Beginning at the line that contains "Плюс ко всему", reproduce the entries below exactly, ending with the line that contains "et Olivier Campardou". Omit each picture.
━━━━━ Records supplied ━━━━━
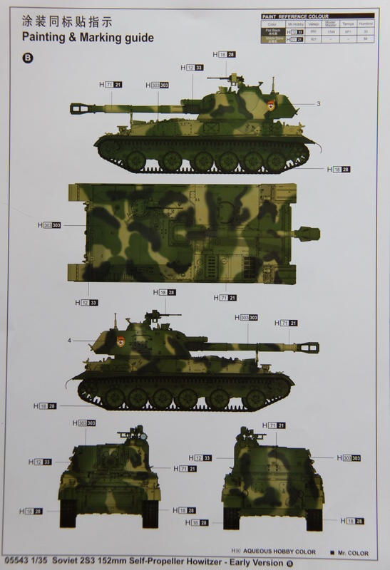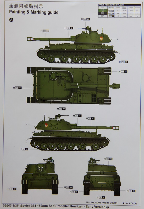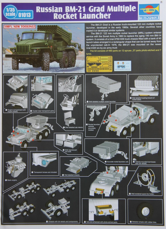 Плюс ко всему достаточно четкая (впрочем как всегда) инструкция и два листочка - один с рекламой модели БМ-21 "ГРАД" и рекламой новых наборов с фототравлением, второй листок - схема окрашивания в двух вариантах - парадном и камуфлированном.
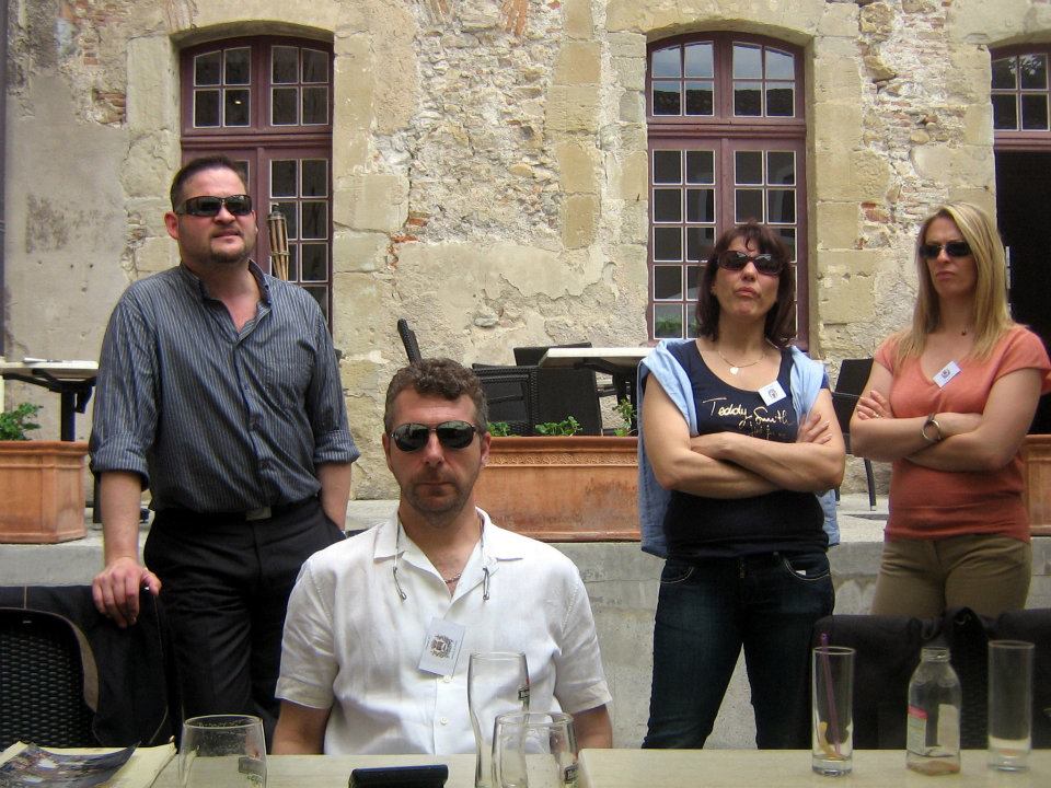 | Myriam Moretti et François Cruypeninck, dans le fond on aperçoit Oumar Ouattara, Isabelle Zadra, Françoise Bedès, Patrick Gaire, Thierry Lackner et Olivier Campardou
━━━━━
━━━━━ Records supplied ━━━━━
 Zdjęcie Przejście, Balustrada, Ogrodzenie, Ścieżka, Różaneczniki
━━━━━
→ Solution to the exercise:
 Плюс ко всему достаточно четкая (впрочем как всегда) инструкция и два листочка - один с рекламой модели БМ-21 "ГРАД" и рекламой новых наборов с фототравлением, второй листок - схема окрашивания в двух вариантах - парадном и камуфлированном.
 | Myriam Moretti et François Cruypeninck, dans le fond on aperçoit Oumar Ouattara, Isabelle Zadra, Françoise Bedès, Patrick Gaire, Thierry Lackner et Olivier Campardou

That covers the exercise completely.